Stored items from a collection:
::::
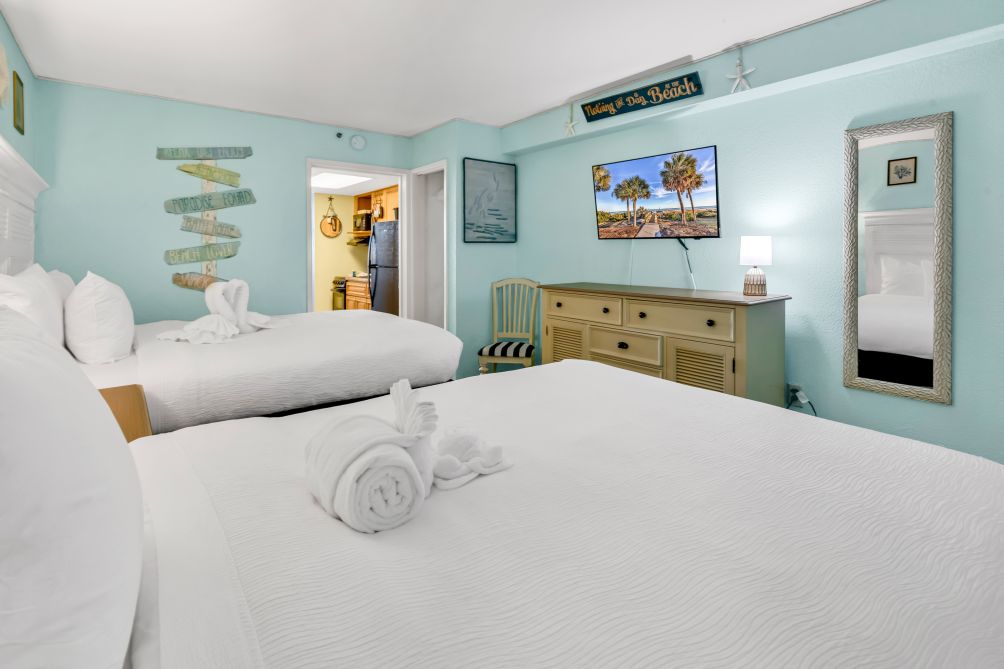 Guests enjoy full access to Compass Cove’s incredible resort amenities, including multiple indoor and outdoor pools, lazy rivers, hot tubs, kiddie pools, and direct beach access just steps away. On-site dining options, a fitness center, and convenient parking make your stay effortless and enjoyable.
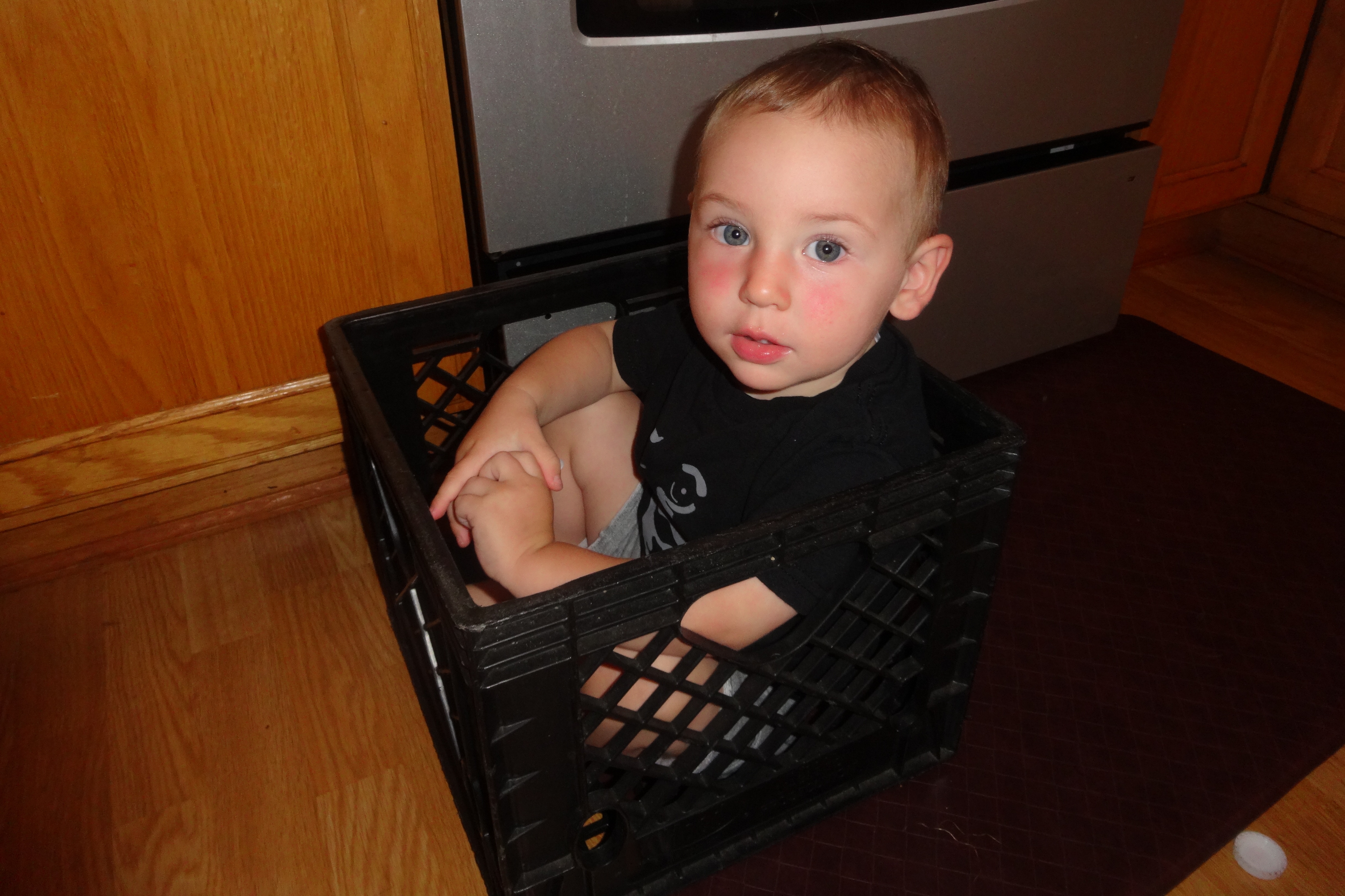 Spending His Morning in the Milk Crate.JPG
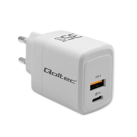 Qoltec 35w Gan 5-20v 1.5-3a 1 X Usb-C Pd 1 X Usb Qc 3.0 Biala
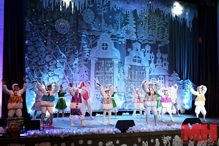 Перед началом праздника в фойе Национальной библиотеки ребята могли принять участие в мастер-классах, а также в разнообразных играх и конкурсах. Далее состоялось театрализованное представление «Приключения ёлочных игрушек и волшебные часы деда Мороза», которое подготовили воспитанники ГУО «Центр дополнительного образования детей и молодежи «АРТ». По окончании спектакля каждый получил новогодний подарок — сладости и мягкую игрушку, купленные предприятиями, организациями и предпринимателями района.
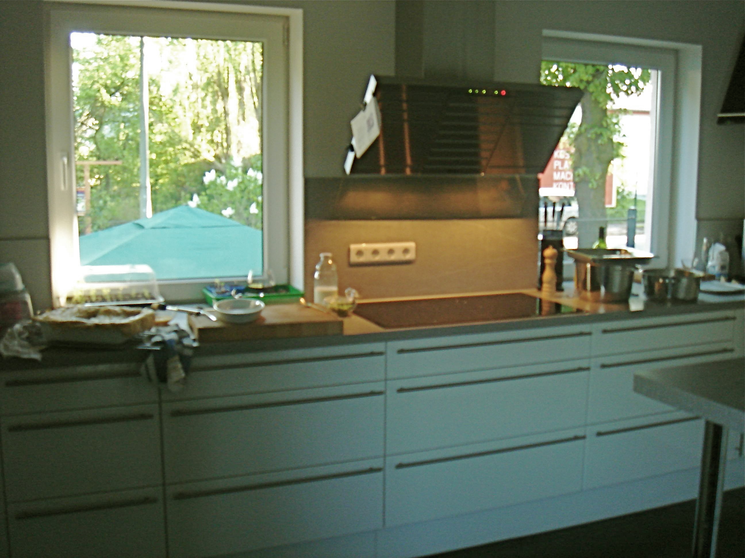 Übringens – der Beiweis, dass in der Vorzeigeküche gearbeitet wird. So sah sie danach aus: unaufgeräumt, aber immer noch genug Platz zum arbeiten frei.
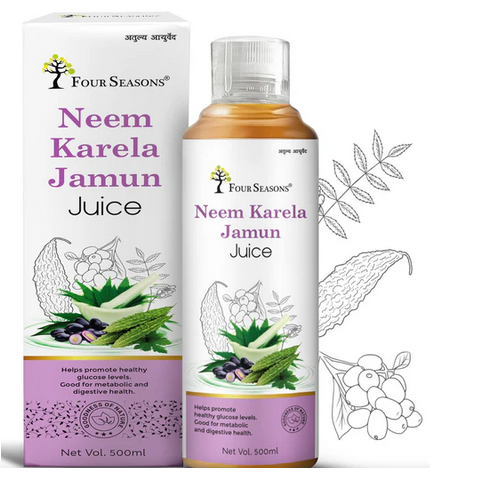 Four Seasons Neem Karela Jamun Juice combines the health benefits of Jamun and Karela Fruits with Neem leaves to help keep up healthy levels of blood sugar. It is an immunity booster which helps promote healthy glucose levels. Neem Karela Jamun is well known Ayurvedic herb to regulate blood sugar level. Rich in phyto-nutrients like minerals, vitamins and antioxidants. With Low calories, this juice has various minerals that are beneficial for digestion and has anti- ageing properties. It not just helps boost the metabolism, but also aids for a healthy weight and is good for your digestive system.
::::
Copy nothing but the lines from the start of the entries through the line with "Qoltec 35w Gan". Write them out exactly, without pictures.

 Guests enjoy full access to Compass Cove’s incredible resort amenities, including multiple indoor and outdoor pools, lazy rivers, hot tubs, kiddie pools, and direct beach access just steps away. On-site dining options, a fitness center, and convenient parking make your stay effortless and enjoyable.
 Spending His Morning in the Milk Crate.JPG
 Qoltec 35w Gan 5-20v 1.5-3a 1 X Usb-C Pd 1 X Usb Qc 3.0 Biala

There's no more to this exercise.